Build: cd to the asterisk-1.8 directory, then./configure; make menuselect. Review the modules being built. Appmeetme won’t be available because DAHDI isn’t built. Add appconfbridge instead. Make sure resjabber and changtalk are selected if you want to set up Google Talk/Voice. Review the other modules including the ones listed in Add-ons (formerly a separate tar file) especially if you are adding FreePBX–you’ll want cdrmysql. Keep building: make; make install; make samples.
Important for the RS Cloud environment: there is no TTY9, which safeasterisk puts the Asterisk console on. Edit /usr/sbin/safeasterisk and comment out line 5 ( TTY=9) and set CONSOLE=no on line 6. Everything else should be fine. Asterisk should be ready to go!FreePBX. When I installed FreePBX 2.8.0, it complained that Asterisk 1.8 was not supported. The repository has an updated installer (see ) but if you’re going from the 2.8.0 (or earlier?) tarball, you’ll have to make the change highlighted here. Edit line 899 in installamp and change 1.7 to 1.9.
Now install FreePBX according to your own documentation or that available onStartup. Add /usr/local/sbin/amportal start to the end of /etc/rc.d/rc.local, or make an init script for /etc/init.d. I’m lazy and chose the former.

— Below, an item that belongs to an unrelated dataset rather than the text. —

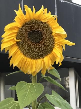 1月13日(月) ヒマワリの花はひとつの花ではなく、多数の花が集まって、一つの花の形を作っています。このような花の着きかたを頭状花序(とうじょうかじょ)と呼びます。ヒマワリの花の部分に見える黄色の外側の幅広いところを舌状花(ぜつじょうか)と呼び、虫を引きつける役目があるかと思います。中心部の花びらの無い部分を筒状花(とうじょうか)または管状花(かんじょうか)と呼びます。たくさんあるこの筒状花が受粉して種子に成熟します。写真は、筒状花(とうじょうか)が広がっている様子です。

Function Confbridge Not Registered
Start everything up with amportal start.More to doGet familiar with iptables, if you’re not already. This is the way to control access on your RS CloudServer node. By default it permits SSH, so you’ll want to add lines to permit web, SIP, IAX2, and so on.Since you’re running in 256 MB RAM, you might want to pare down the /etc/httpd/conf/httpd.conf and reduce the number of web servers spawned, to save a little memory. The RS CloudServer is already pretty thin, otherwise.TestingI did some additional configuration of FreePBX, not essential to this posting, and then configured a softphone extension and a Google Voice trunk (to be discussed in a later posting). Then I made some calls.
Even with both legs of the call going over the Internet, from a shared hosting facility, using G.711 uLaw (PCMU), the sound was great.LaterMore on the Google Voice setup and FreePBX, and considerations for having your PBX out on the Internet. This would be a good time to start thinking about secure RTP! Posts navigation.